-- Exercise --
Below are some records; give them all again exactly, but not the pictures.

== Segment start ==

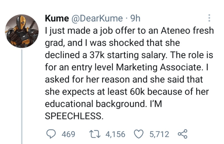 Recently, the tweet above went viral in many different social media platforms. It raised the question of whether or not this fresh grad was entitled, or that we live in a country where we’re so used to being underpaid that asserting our value means we’re too privileged.
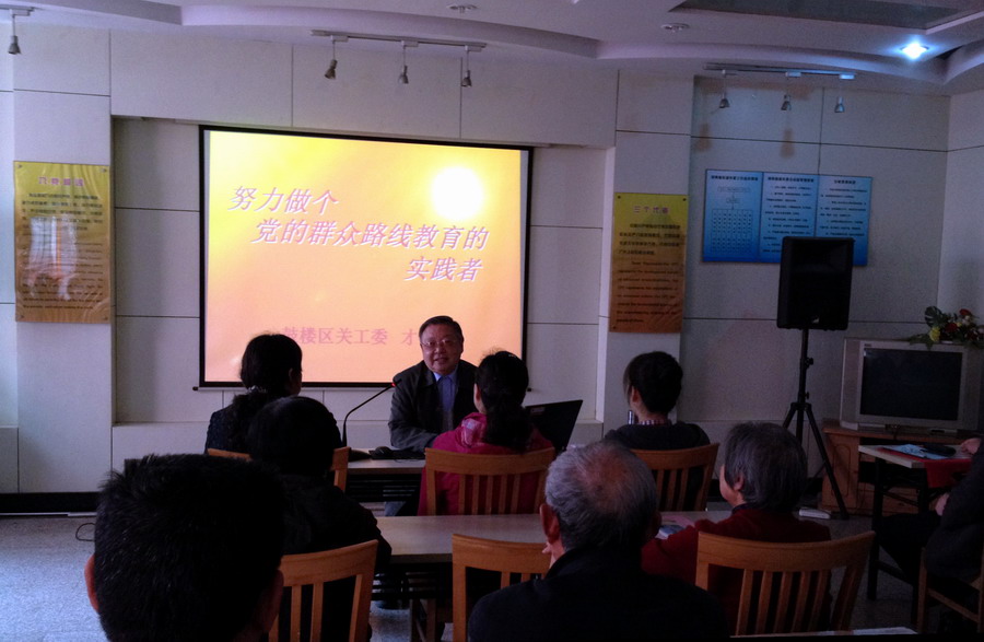 本次培訓(xùn)由鼓樓區(qū)講師團成員、原二十九中教師才春祥主講。才老師分別從黨的群眾路線是怎樣產(chǎn)生和發(fā)展的,什么是黨的群眾路線,為什么要繼續(xù)開展黨的群眾路線教育實踐活動,以及應(yīng)當如何實踐黨的群眾路線等四個方面進行了詳細闡述,給新黨員上了一堂精彩的黨課。才老師指出,作為一名基層普通黨員,既是黨的群眾路線的執(zhí)行者和實踐者,又是群眾路線的評判者,更需要認真學(xué)習(xí)、主動實踐、評判干部、共同提高,這才是一個共產(chǎn)黨員應(yīng)有的作風(fēng)和素質(zhì)。
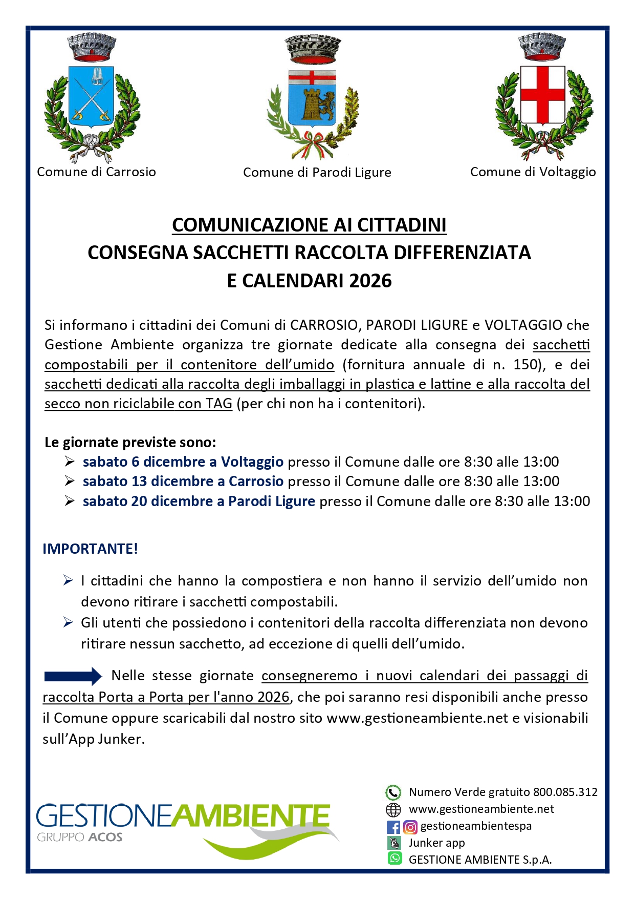 Si avvisa inoltre che sabato 20 dicembre 2025, dalle ore 8.30 alle ore 13.00, al piano terra del Palazzo Municipale, un incaricato di Gestione Ambiente Spa consegnerà i sacchetti compostabili per il contenitore dell'umido (fornitura annuale di n. 150) e i sacchetti dedicati alla raccolta degli imballaggi in plastica e lattine e alla raccolta del secco non riciclabile con TAG (per chi non conferisce con i contenitori).
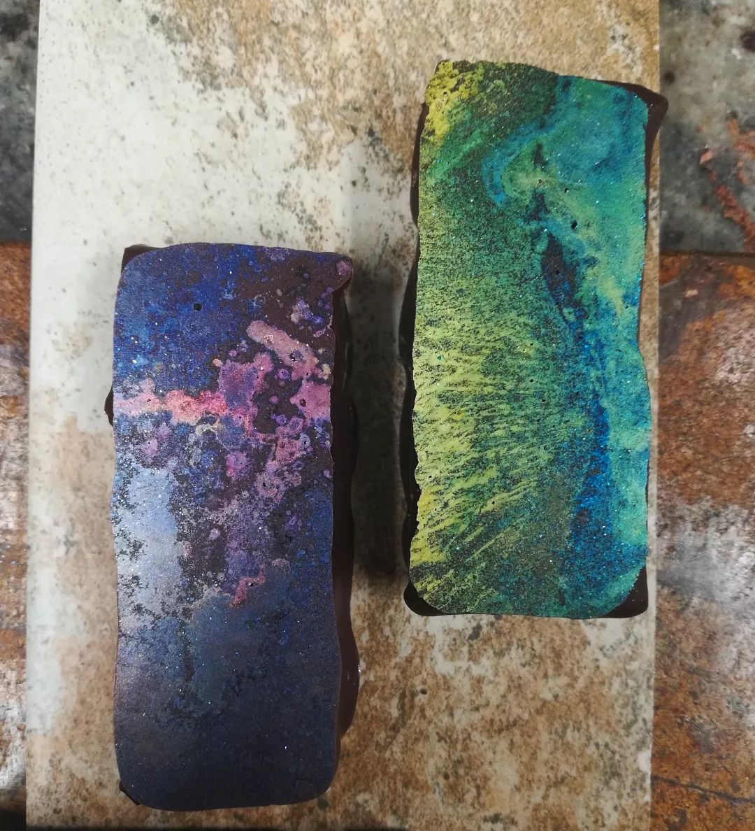 PROBABILITY: A candy bar two ways. Macadamia gianduja layered with caramelized sugar milk chocolate spiced with saffron and clove and enrobed in dark chocolates
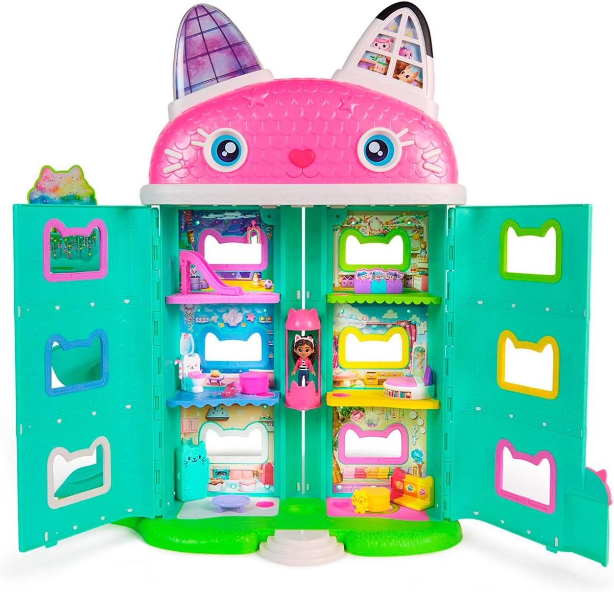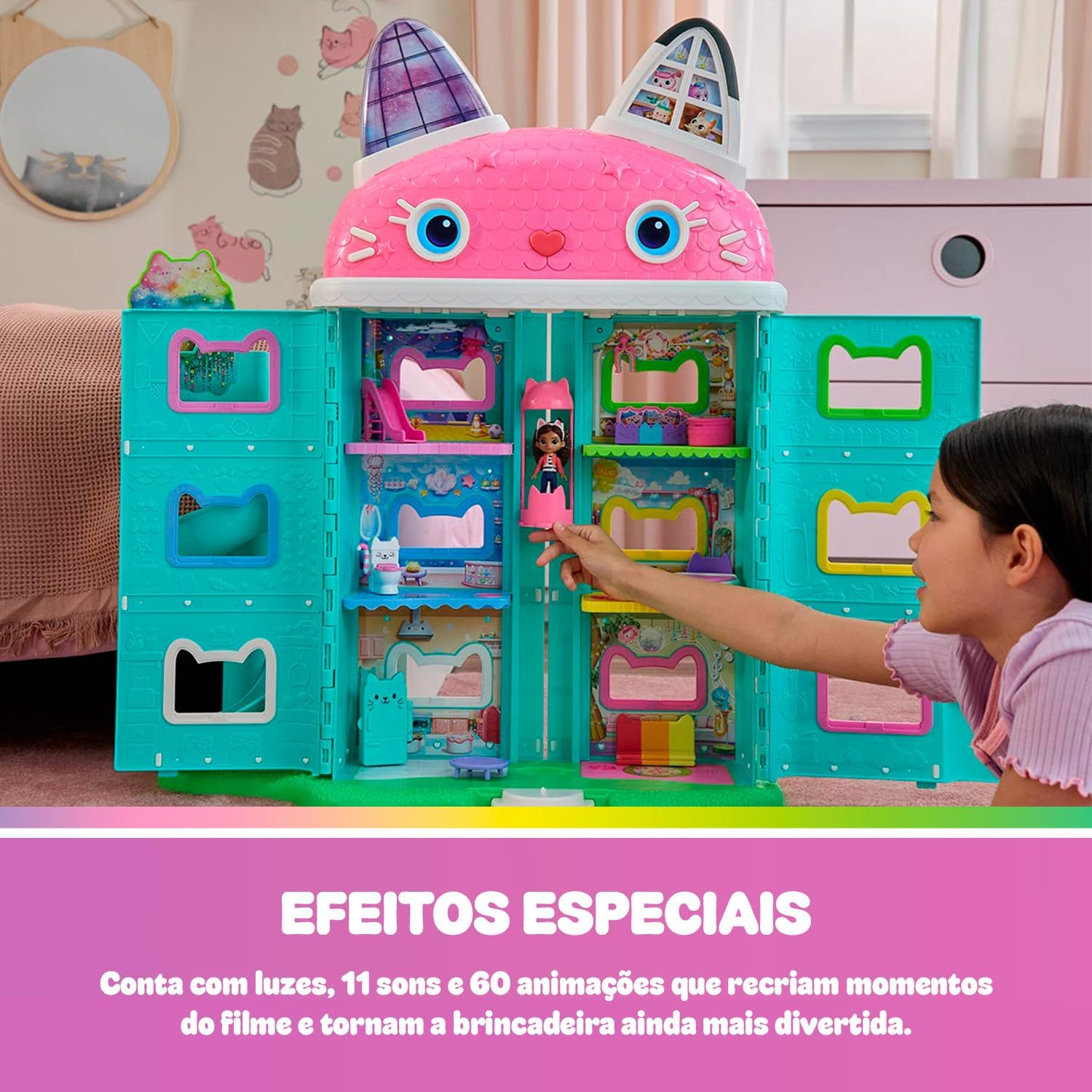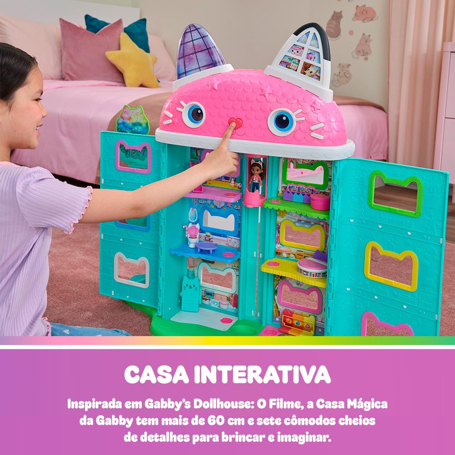 A Casa da Gabby do filme ganhou vida! Inspirada em Gabby’s Dollhouse: The Movie, essa casa interativa tem mais de 60 cm de altura, com sete cômodos cheios de surpresas, escorregador em espiral, elevador funcional, luzes, 11 sons e 60 animações.
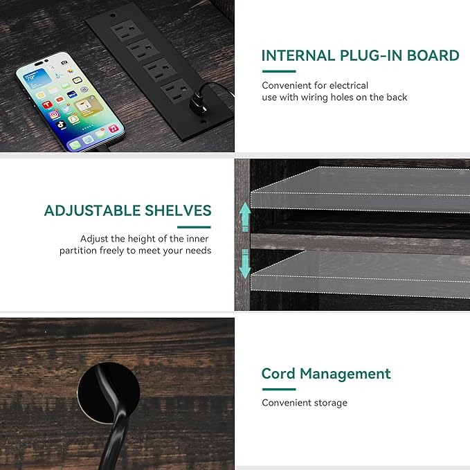- Effective Cable Management: Large cutouts with pre-drilled holes to organize and prevent tangling of cords, ensuring a neat and tidy appearance
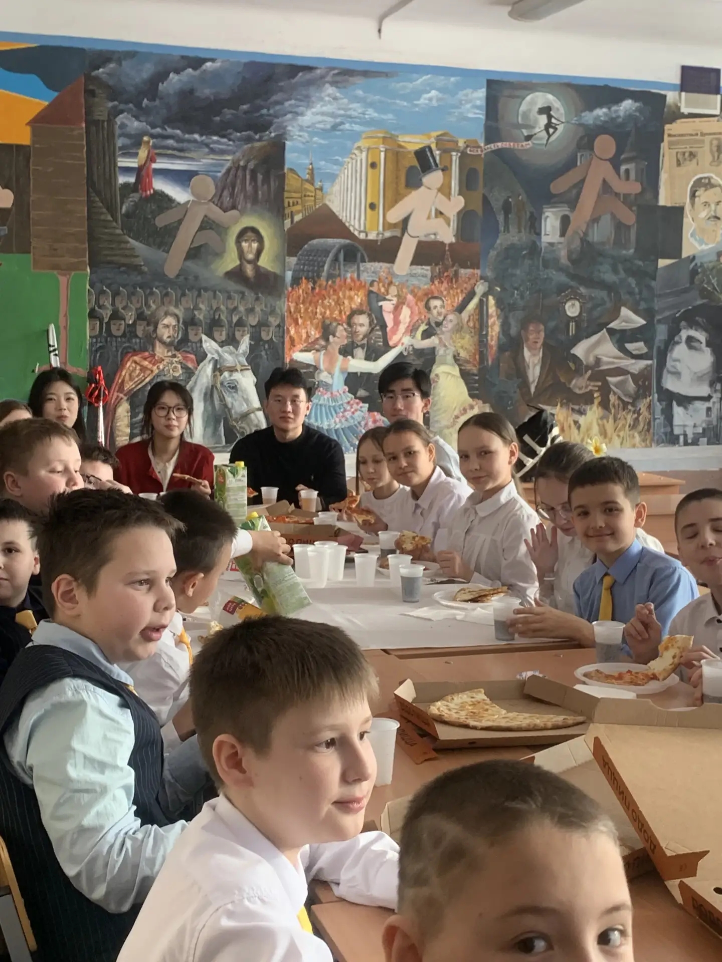 Заключительная часть встречи прошла в непринужденной атмосфере веселья. За общим столом дети наслаждались вкусной пиццей и соками. Атмосфера праздника позволила участникам расслабиться и почувствовать себя частью большой международной семьи.

== Segment end ==

-- Reply to the exercise --
 Recently, the tweet above went viral in many different social media platforms. It raised the question of whether or not this fresh grad was entitled, or that we live in a country where we’re so used to being underpaid that asserting our value means we’re too privileged.
 本次培訓(xùn)由鼓樓區(qū)講師團成員、原二十九中教師才春祥主講。才老師分別從黨的群眾路線是怎樣產(chǎn)生和發(fā)展的,什么是黨的群眾路線,為什么要繼續(xù)開展黨的群眾路線教育實踐活動,以及應(yīng)當如何實踐黨的群眾路線等四個方面進行了詳細闡述,給新黨員上了一堂精彩的黨課。才老師指出,作為一名基層普通黨員,既是黨的群眾路線的執(zhí)行者和實踐者,又是群眾路線的評判者,更需要認真學(xué)習(xí)、主動實踐、評判干部、共同提高,這才是一個共產(chǎn)黨員應(yīng)有的作風(fēng)和素質(zhì)。
 Si avvisa inoltre che sabato 20 dicembre 2025, dalle ore 8.30 alle ore 13.00, al piano terra del Palazzo Municipale, un incaricato di Gestione Ambiente Spa consegnerà i sacchetti compostabili per il contenitore dell'umido (fornitura annuale di n. 150) e i sacchetti dedicati alla raccolta degli imballaggi in plastica e lattine e alla raccolta del secco non riciclabile con TAG (per chi non conferisce con i contenitori).
 PROBABILITY: A candy bar two ways. Macadamia gianduja layered with caramelized sugar milk chocolate spiced with saffron and clove and enrobed in dark chocolates
 A Casa da Gabby do filme ganhou vida! Inspirada em Gabby’s Dollhouse: The Movie, essa casa interativa tem mais de 60 cm de altura, com sete cômodos cheios de surpresas, escorregador em espiral, elevador funcional, luzes, 11 sons e 60 animações.
- Effective Cable Management: Large cutouts with pre-drilled holes to organize and prevent tangling of cords, ensuring a neat and tidy appearance
 Заключительная часть встречи прошла в непринужденной атмосфере веселья. За общим столом дети наслаждались вкусной пиццей и соками. Атмосфера праздника позволила участникам расслабиться и почувствовать себя частью большой международной семьи.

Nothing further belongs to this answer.